Во-вторых, «альтернирующая» прагмо-синтактика рока, реализующаяся в его «альтернативной» семантике, заставляет искать «негативный» (и тоже синтетический) контекст текстуализации, на фоне которого реализуется смыслообразующий потенциал синтетического рок-текста. Что является этим контекстом – популярная эстрада, классическая музыка с ее традиционным набором инструментов и искусством бельканто, рок-традиция (не случайно для рокеров так остро стоит проблема «нового звучания», и именно в рамках традиции рока!), или же сложная и прихотливая комбинация этих трех, а может быть, и большего количества, традиций?

И, наконец, третье обстоятельство, внушающее автору наибольший пессимизм. Теория синтетического текста, которая в принципе и должна стать инструментом анализа рока, может быть, как справедливо отмечалось, построена на семиотической основе. Но даже если не углубляться в нерешенные проблемы самой семиологии (как, например, выглядит традиционная концепция знака в рамках проблемы дифференциации значения и смысла или, например, при включении «динамического» и диалогического аспектов семиозиса, когда текст как его единственная реальность, уже не может быть предметом анализа?), а воспользоваться более-менее устоявшимися ее положениями, то, за исключением, может быть, вербального уровня, прочие уровни рок-текста вряд ли могут быть адекватно описаны и смоделированы.

Возьмем семантический план того же «музыкального знака», допустим, уровень мелодии.
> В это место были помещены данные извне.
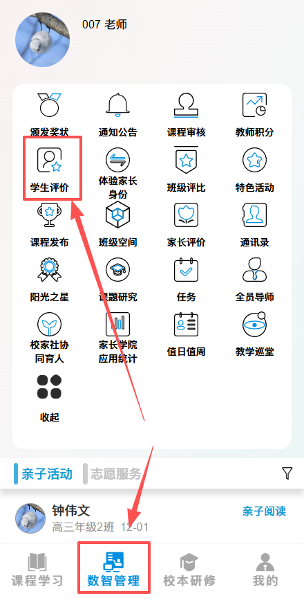 登录校本研修公众号“我是教师”,找到“数智管理”栏目,进入“学生评价”模块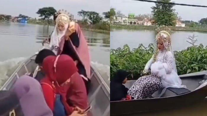 Dalam sebuah video viral di medsos, terlihat mempelai perempuan naik perahu lengkap dengan riasan wajah dan kebaya putih.

На интуитивном уровне мы, конечно, ощущаем разную семантическую наполненность мелодики, скажем, композиций М. Леонидова (особенно, если учесть многочисленные случаи цитирования из «The Beatles») и группы «Ленинград», групп «ДДТ» и «Агата Кристи». Но как концептуализировать эту интуицию, как реализовать ее в терминологии, уместной в семиотических опытах?

Главная беда в том, что план содержания музыкального текста в принципе не поддается интерпретации вербальными средствами. Язык музыки и естественный язык – взаимодополнительны, и ни один из них не может быть ни переведен в другой, ни объяснен (естественно, аргументированно и убедительно) с помощью другого. Здесь даже не нужно ссылаться на специалистов по романтической литературе, по современному и древнему мистицизму, по методологическим аспектам пост-эйнштейновской физики; попробуйте дать такую интерпретацию – и все станет ясно.

И как мы опишем логику взаимодействия разных семиотических систем в процессе формирования синтетического целого, если не владеем уже готовыми частными результатами семиотического анализа всех составляющих рок-текста? А ведь речь здесь должна вестись не просто о сложении разных техник (как это делается в музыковедческих работах, в том числе и по проблемам рока), а о метасемантических (точнее – метасмысловых) механизмах «умножения» результатов работы этих разных и различных техник и технологий. А здесь, чтобы не впасть в грех субъективизма, волей-неволей придется разбираться с внутренним устройством той машины, что производит рок-текст, с его автором, то есть – заглянуть в тот самый «черный ящик», да еще и не один!

Автор не знает, как это сделать, а потому, как теоретик синтетического текста, расписывается в своей несостоятельности. И тем не менее автор надеется, что найдется аналитик – более талантливый, чем он, – который все-таки построит эту теорию. Ведь автор уверен (к сожалению, только на интуитивном уровне), что Офелия – не сука. А вот доказать-то этого он и не может, хотя очень хочет.